▸ **Extracted material**
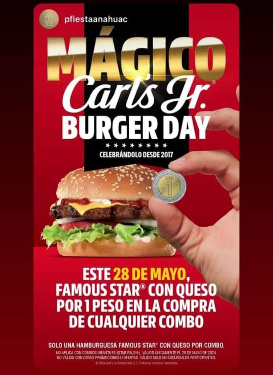 -Carl's Jr: sorprende a sus clientes con una promoción única: la famosa hamburguesa Famous Star con queso estará disponible por solo un peso al adquirir un combo. Esta oferta es una oportunidad perfecta para disfrutar de una de las hamburguesas más emblemáticas de la cadena a un precio simbólico.
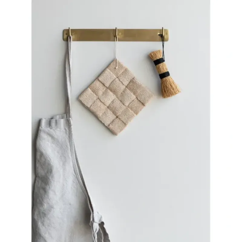 The handmade Brass Iron Plate Triple Hookby Fog Linen Work is perfect for heavy items such as jackets. as it can be mounted with six screws that are included. However. it works equally well in the kitchen for tea towels or other small items.
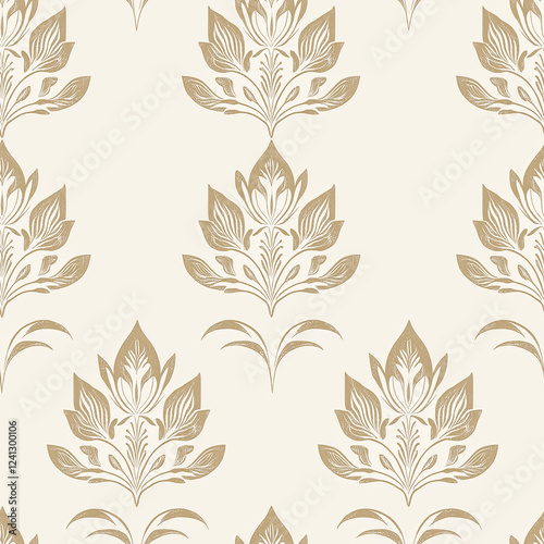 Elegant floral wallpaper pattern with intricate designs in soft gold on a light cream background, perfect for interior decor.
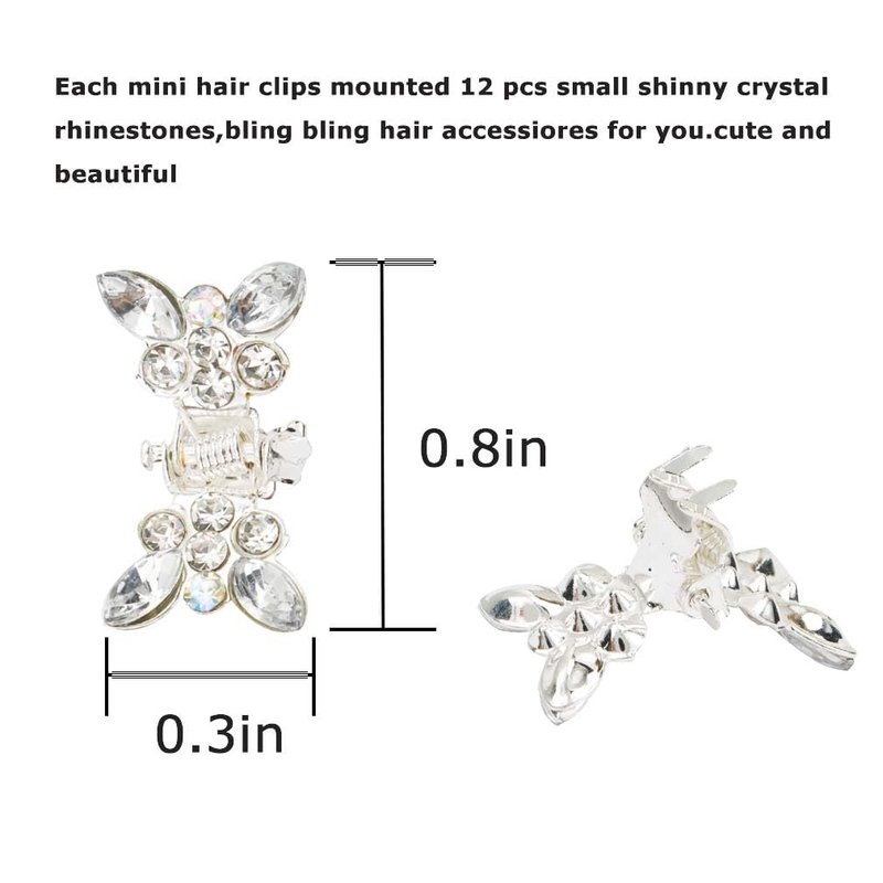 Mini Crystal Hair Clips, Sparkly Rhinestone Hair Claw Clips Small Hair Clips Cute Bling Hair Clips Flower Butterfly Hair Claw CLips Tiny Metal Hair Clips for Jewlery Hair Clips Hair Accessories for Women By highlighting the product's high quality, unique design, eye-catching diamond decoration, diverse color selection, and practical craftsmanship, you can effectively showcase its competitiveness on the Amazon platform.
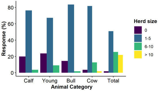 Dahomey cattle herds consisted of two to 23 Dahomey animals, with an average of seven animals per herd. Cows and bulls were the predominant categories. Calves and young cattle were absent in more than 20.0% of the herds (Figure 4). A total of 83.6% of the investigated herds only consisted of Dahomey cattle. The remaining herds (16.4%) included additional breeds such as Angus, Belgian Blue, Limousin and crossbreeds with Dahomey.

▸ **Exercise brief**
Lines from the one with "Mini Crystal Hair" through the final line of the listing above: copy them exactly, both ends included, and omit every picture.

▸ **Task result**
 Mini Crystal Hair Clips, Sparkly Rhinestone Hair Claw Clips Small Hair Clips Cute Bling Hair Clips Flower Butterfly Hair Claw CLips Tiny Metal Hair Clips for Jewlery Hair Clips Hair Accessories for Women By highlighting the product's high quality, unique design, eye-catching diamond decoration, diverse color selection, and practical craftsmanship, you can effectively showcase its competitiveness on the Amazon platform.
 Dahomey cattle herds consisted of two to 23 Dahomey animals, with an average of seven animals per herd. Cows and bulls were the predominant categories. Calves and young cattle were absent in more than 20.0% of the herds (Figure 4). A total of 83.6% of the investigated herds only consisted of Dahomey cattle. The remaining herds (16.4%) included additional breeds such as Angus, Belgian Blue, Limousin and crossbreeds with Dahomey.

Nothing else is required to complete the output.